2. God supplies a way for us to win our husbands.
I haven’t always believed this. I didn’t think I should try to do anything to win my husband to Christ. He was just going to be who he was going to be and there was nothing I could do about it. John Piper’s sermon “The Beautiful Faith of Fearless Submission” changed that for me. In that message he pointed out what I had missed in 1 Peter 3. As Piper put it, “Submission does not mean avoiding every effort to change a husband. The whole point of this text is to tell a wife how to ‘win’ her husband.” God has given us his grace-supplied way of trying to win our husbands. It’s not by our hairstyle, fit body, or clothes. We’re to try to win him by the very thing that may drive him away: our godliness.
Follow Christ’s example: know that you are God’s child and not man’s slave, and submit yourself to the sin-laden man you’re married to. Show him the grace you’ve received. Speak the truth in love and humbly stand in your faith. It’s easy to lose sight of the goal. The goal is not a happy marriage or a nice husband. The goal is running the race of faith Christ has set before us with perseverance. It’s been 24 years and my husband is still not a believer. But as long as I have breath, and with the grace God supplies, I will seek to win him to Christ. Even if we never see our husbands believing, our efforts to win them are not in vain. They are seen by God and will accomplish the purpose he has for them.
3. Losing your life in marriage gains it.

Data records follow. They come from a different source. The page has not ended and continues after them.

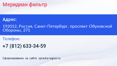 Меридиан-фильтр по адресу 192012, Россия, Санкт-Петербург, проспект Обуховской Обороны, 271 в дальнейшем Организация, размещена в следующих категориях: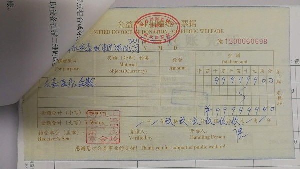 集团捐赠宋庆龄基金会999999元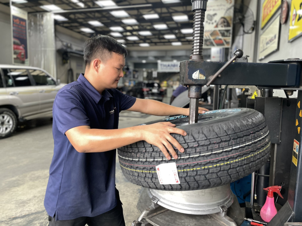 - Đưa lốp mới vào trục và tiến hành ngược lại với thao tác tháo lốp.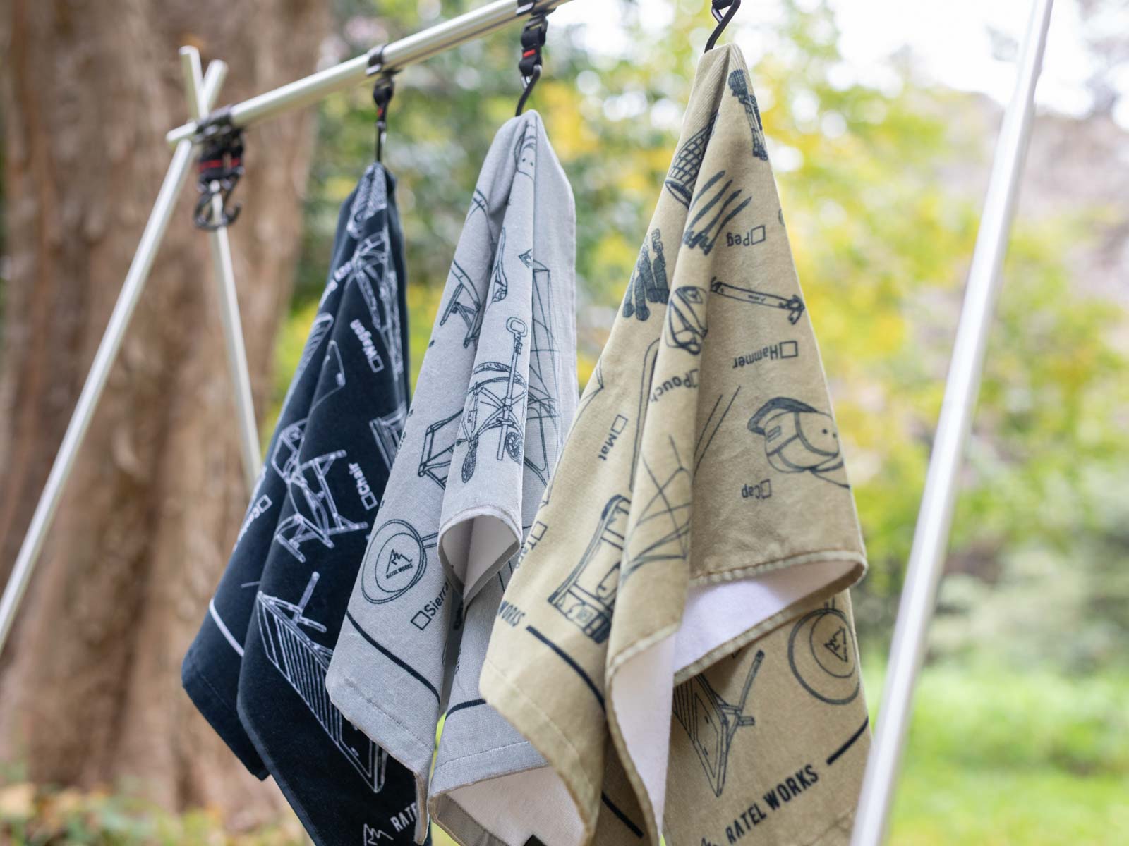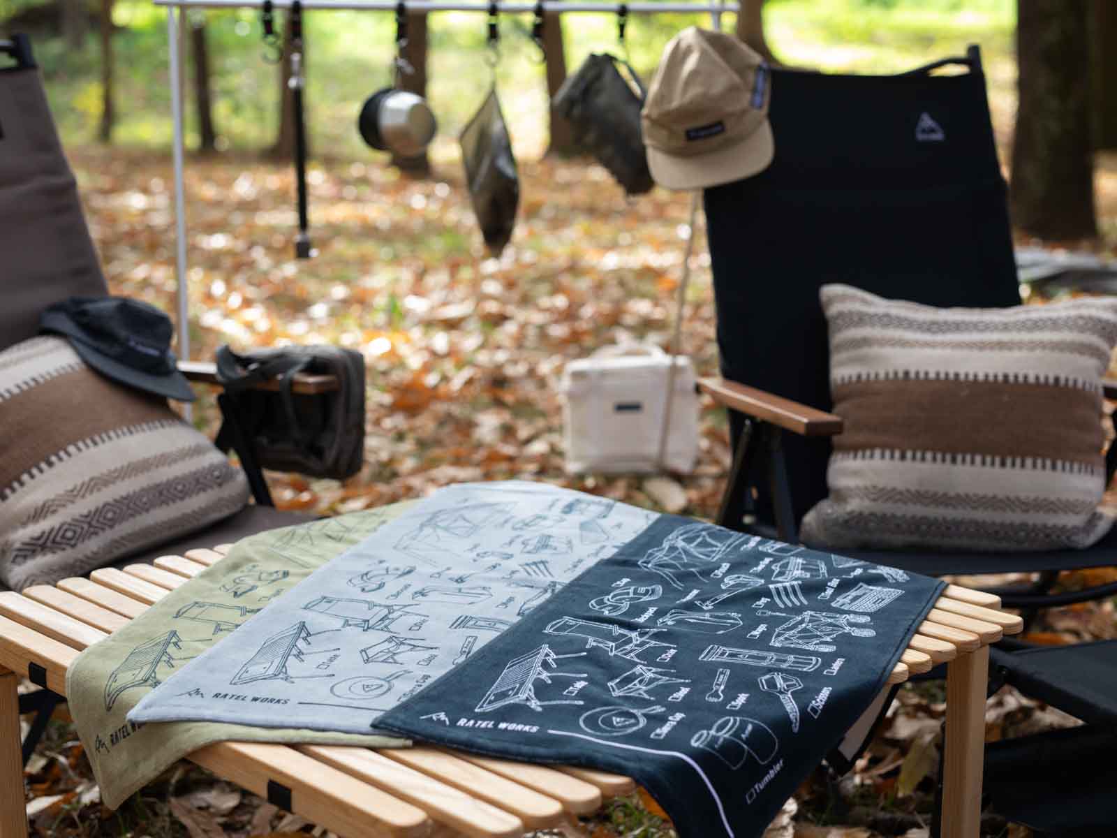 手や水滴・汗を拭いたり、お風呂上りに水気を拭き取ったり、とっさの鍋掴みなど。日常からキャンプやフェスなどのアウトドアをより快適に楽しむことができます。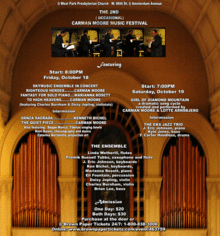 honors composer/conductor and recent Guggenheim Fellowship winner Carman Moore. Moore will lead his renowned SKYMUSIC ENSEMBLE in a program of works by him and by Ensemble members Kenneth Bichel and Marianna Rosett on October 18th at 8p.m.at Manhattan's West Park Presbyterian Church . And at West Park on the following evening of October 19th at 7 p.m. he will play keyboard and Danish actress and vocal star Lotte Arnsbjerg will sing as they perform the world premiere of their "dramatic song cycle" GIRL OF DIAMOND MOUNTAIN . Closing that evening the high-powered EKG Trio (pianist Eric Johnson, bassist Kyle Jones, and SKYBAND drummer F.Carter Hoodless,drums) will perform their own and standard pieces along with special arrangements of Mr. Moore's and late Skymusic violinist Leroy Jenkins' music.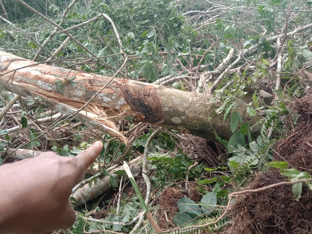 Pantau awak media dilapangan, tanaman karet milik warga Rawang Air Putih sekitar 1 hektar tumbang akibat dirusak oleh alat berat, dan juga kabel listrik yang melintasi kebun masyarakat itu juga jatuh ketanah akibat terkena ambruknya tanaman karet yang dirusak alat berat.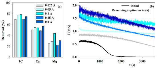 Although EE assays were run at applied current intensities ranging from 0.025 to 0.5 A, it was observed that smaller currents were better to attain the expected results. Thus, only the results obtained at current densities ranging from 0.025 to 0.2 A are presented in Figure 3. When the removals in IC and Ca2+ are compared, similar results are observed for current intensities of 0.05, 0.1, and 0.2 A. However, the best results for Mg2+ were attained at 0.1 A. This higher Mg2+ removal has an enormous influence on the chronoamperometric curve since this curve shows assuredly the best behavior because almost no reduction in the current is observed during the accelerated scaling test. The current intensity of 0.1 A, which corresponds to a current density of 100 A m−2, was also the best experimental condition found in literature research [30]. According to those authors, this must happen because the process is diffusion-controlled higher applied currents are a waste. Higher currents can increase hydrogen evolution that may even hinder solids’ deposition.

Jesus said, “For whoever would save his life will lose it, but whoever loses his life for my sake will save it” (Luke 9:24). You may lose your marriage to your unbelieving husband. If you love Jesus and follow him, your husband may not want to stay married to you. But don’t give up on your marriage and divorce him, or give in to your flesh and live for worldly passions.
Leaving your husband would be evidence you are clinging to marriage as though it can give you life. But if you and I let go of demanding that our marriages give us life and live for Christ, even if it means we lose our marriages, we will be keeping a testimony of Christ in marriage that honors God and is a life-giving witness to our husbands and families.
If you are living in an “even if” marriage, call to mind God’s faithfulness to you. Seek to win your husband by the beautiful aroma of Christ in you, even if he smells death and rejects you. Open your hands and lift up your marriage to God. Don’t try to squeeze the life out of it, even if he leaves you. Give the grace you have received, even if he doesn’t receive it. God is faithful. He thinks your hope in him is beautiful. And he works for those who wait for him.